TOKYO — Criticism of a controversial Japanese movie about convicted war criminal Gen. Hideki Tojo escalated Monday with North Korea calling the pic a “shameless” attempt to embellish Japanese militarism.
Domestic criticism of the film “Pride, the Fateful Moment” has been growing since Japanese moviehouse Toei greenlit the project to make the Tojo picture. The movie is scheduled for release this summer, 50 years after Tojo was hanged for war crimes.
The report from the Korean Central News Agency (KCNA) slammed Japan for distorting and denying Japan’s military invasion of Asia, which it called an “indelible, shocking crime.” It accused the movie of being an attempt “to embellish the past war of aggression.”
“Their act proves to be shameless,” KCNA reported.
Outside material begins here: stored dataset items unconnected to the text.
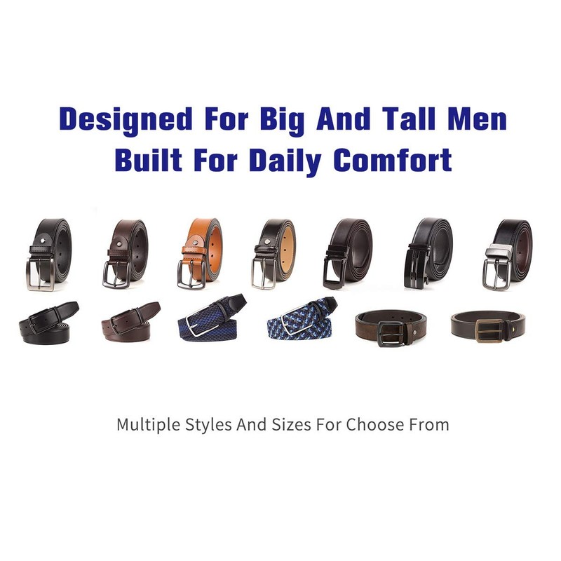 - Cinturones para hombre grande y alto. Diseñado para hombres grandes y altos, el cinturón está especialmente hecho de piel sintético de microfibra para un ajuste más cómodo. Cinturón ideal para hombres y niños, combina muy bien con pantalones casuales, jeans, uniformes de trabajo, vestido formal, etc. Adecuado para negocios, escuela, fiestas y uso diario casual
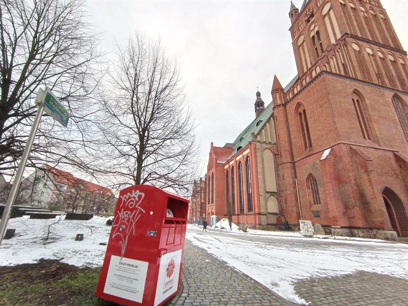 Nie tylko Wtórpolu pojemniki na odzież używaną szpecą szczecińskie Stare Miasto. Uwagę - ostrą czerwienią, napisami i wlepkami - przykuwa również kontener ustawiony przy katedrze.
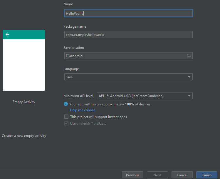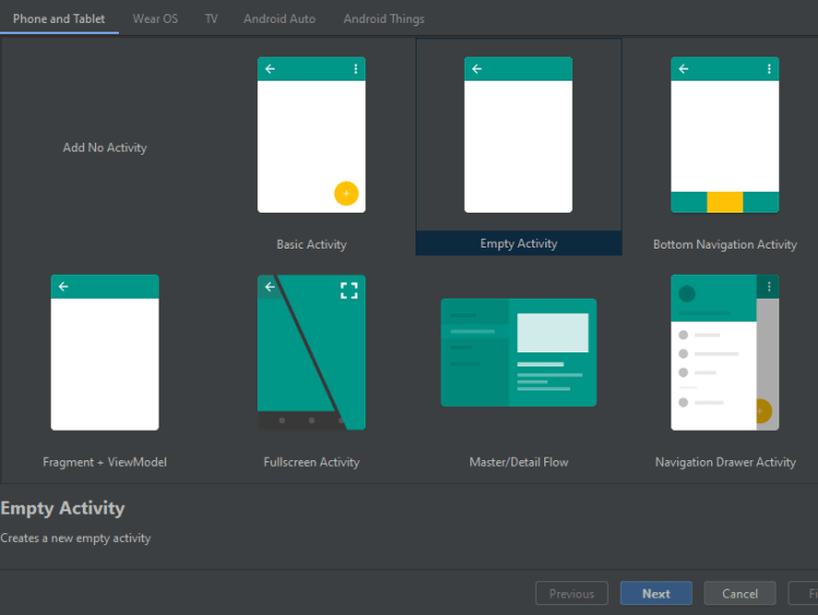 Pilih Empty Activity untuk membuat aktiviti kosong

Toei spent about $11 million to make “Pride,” which is about three to four times the cost of a typical Japanese movie. Much of the money came from Isao Nakamura, a company owner who believes Tojo was not given a fair shake by the Tokyo war crimes tribunal.
Toei said it is releasing the film to “correct mistaken perceptions about Tojo.” The film stars veteran actor Masahiko Tsugawa. U.S. actors Ronny Cox and Scott Wilson are also in the Tojo pic.